Economists favour privatising property where possible because the goal is to improve efficiency for everyone.
MikeP
Feb 20 2011 at 10:17am
why economics was called the “dismal science.”
John Hodgman knows the answer…
david
Feb 20 2011 at 11:53am
@Tracy W
Yes. You may notice that limiting overuse is also possible via other means, like cap-and-trade or taxing use, or blunt application of regulatory prohibition against certain uses. Some of these solutions are better than others at avoiding the distributional issues I mentioned, on which your analysis is silent.
Tracy W
Feb 21 2011 at 4:17am
David – I am rather surprised that you say that I didn’t mention distributional issues. I thought I did, extensively (for a blog comment). I pointed out all the ways in which open-access fishery harms capital, labour and consumers. I also mentioned that some people might regard fishery collapsing as a good thing, but that this was uncommon (I’ve never come across anyone who argued that all fish should go extinct, but I mentioned it as a possibility anyway for completeness).

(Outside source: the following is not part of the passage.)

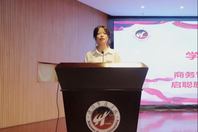 学生代表、启聪立志奖学金获得者何亚萍代表学生发出倡议,呼吁全体同学以华厦学子主人翁意识积极行动,从我做起、同舟共济、众志成城,把学校的荣誉当作自己的荣誉,自觉维护学校的良好形象,用青春的能动力和创造力激荡起爱校荣校的澎湃春潮,用青春的智慧和汗水打拼出一个更加美好的华厦,在青春的赛道上跑出华厦青年的最好成绩!

As for your other suggestions:
Cap-and-trade – this is privatisation – create a property right and let people trade it.
Taxing use – how is this better at avoiding distributional issues? And of course, if the taxes are partially avoidable, people will spend some effort avoiding the tax, which wastes resources.

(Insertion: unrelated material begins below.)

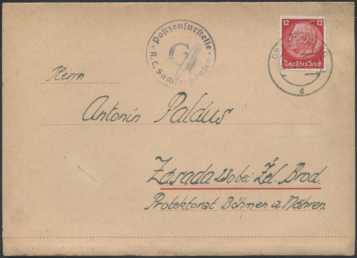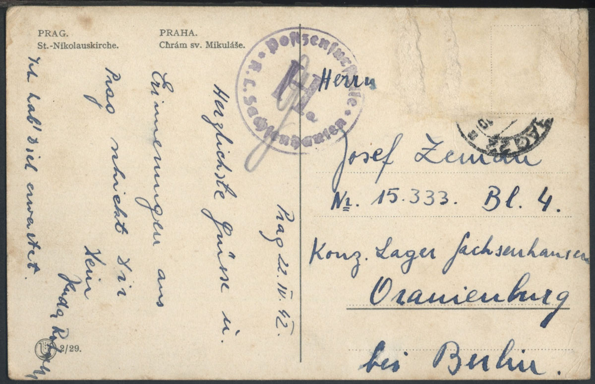 1942 KL Sachsenhausen - niemiecki obóz koncentracyjny, kartka z czeskiej Pragi wysłana do obozu, stempelek cenzora z literą "H", znaczki być może oderwane przez cenzurę w poszukiwaniu ukrytych treści, bardzo rzadko spotykana korespondencja do obozu.. | |

Regulatory prohibitions – I was at first surprised that you thought this was a better way of avoiding distributional issues, because regulations tend to favour the rich and large companies that can afford to devote overhead to complying with regulations, and tend to be better politically-connected, while from your earlier comment you appear to be worried about privatisation over-reflecting the preferences of the rich. But on re-reading, I see that you didn’t claim that all of the issues you mentioned address distributional issues, I’m guessing you were just trying to sneak this one in under the radar. Of course, if there’s a way that regulatory prohibitions does do a better job at avoiding the distributional issues you raise, please tell me. (And remember we’re talking about real-world political systems here, where governments sometimes do thinkgs that are not in the national good).